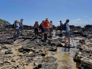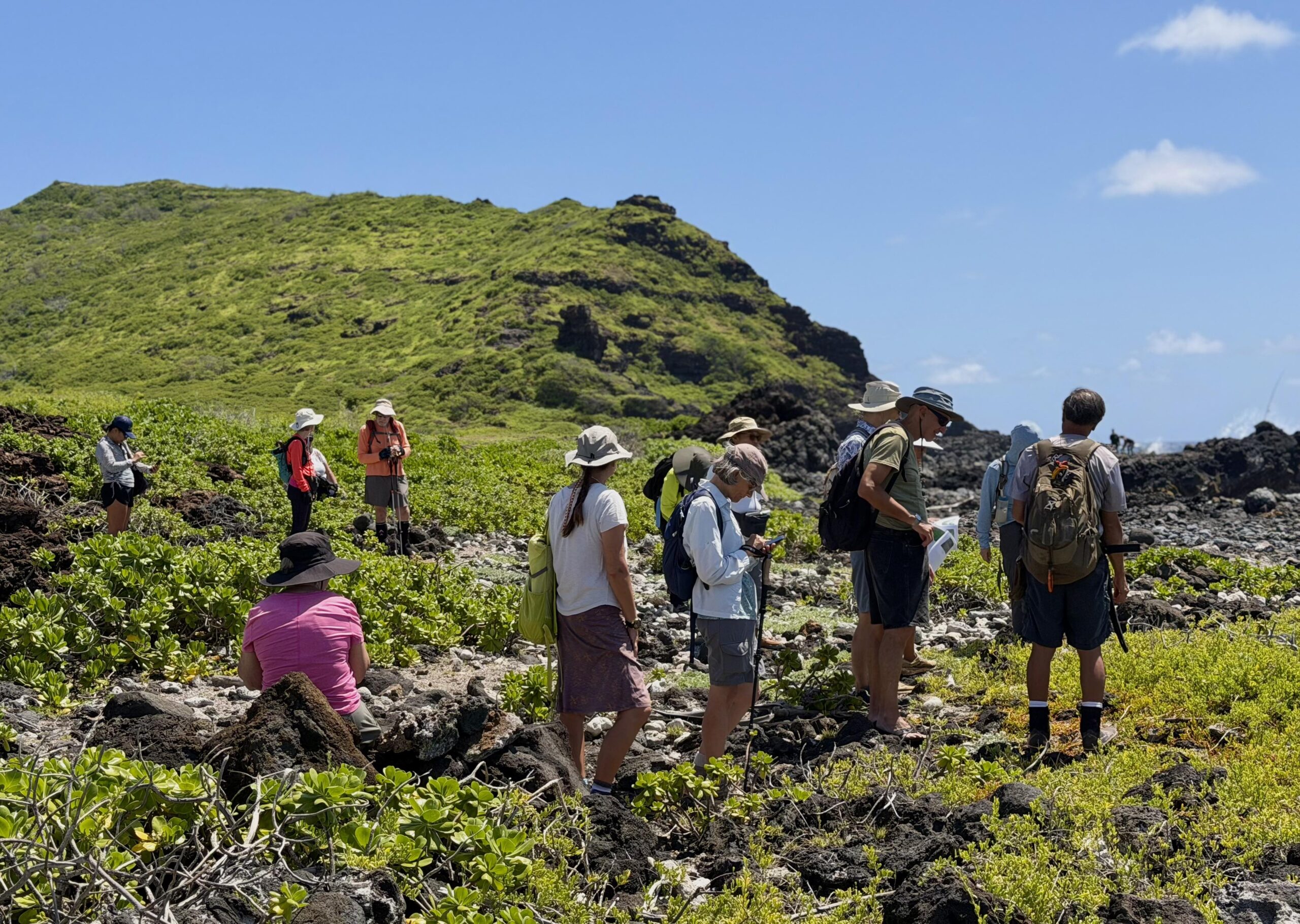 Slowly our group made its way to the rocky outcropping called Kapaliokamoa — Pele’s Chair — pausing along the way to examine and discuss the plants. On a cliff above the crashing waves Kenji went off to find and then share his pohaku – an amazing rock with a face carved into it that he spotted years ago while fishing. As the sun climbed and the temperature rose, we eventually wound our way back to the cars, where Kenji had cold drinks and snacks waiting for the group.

****************

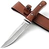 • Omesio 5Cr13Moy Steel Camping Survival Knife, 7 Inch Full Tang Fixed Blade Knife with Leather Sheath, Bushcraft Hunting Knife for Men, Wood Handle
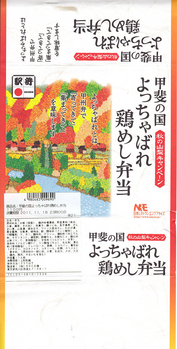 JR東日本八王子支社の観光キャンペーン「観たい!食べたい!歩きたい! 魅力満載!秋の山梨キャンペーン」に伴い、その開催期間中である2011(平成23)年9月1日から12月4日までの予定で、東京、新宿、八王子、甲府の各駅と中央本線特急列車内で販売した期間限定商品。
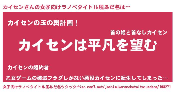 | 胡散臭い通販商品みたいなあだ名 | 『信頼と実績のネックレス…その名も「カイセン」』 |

****************

— YOUR OBJECTIVE —
From the listing above, please give again the lines that begin with the line holding "Men, Wood Handle" and go on through the line holding "胡散臭い通販商品みたいなあだ名 | 『信頼と実績のネックレス…その名も「カイセン」』 |", exactly, both ends included, minus any picture.

— RESPONSE BELOW —
 • Omesio 5Cr13Moy Steel Camping Survival Knife, 7 Inch Full Tang Fixed Blade Knife with Leather Sheath, Bushcraft Hunting Knife for Men, Wood Handle
 JR東日本八王子支社の観光キャンペーン「観たい!食べたい!歩きたい! 魅力満載!秋の山梨キャンペーン」に伴い、その開催期間中である2011(平成23)年9月1日から12月4日までの予定で、東京、新宿、八王子、甲府の各駅と中央本線特急列車内で販売した期間限定商品。
 | 胡散臭い通販商品みたいなあだ名 | 『信頼と実績のネックレス…その名も「カイセン」』 |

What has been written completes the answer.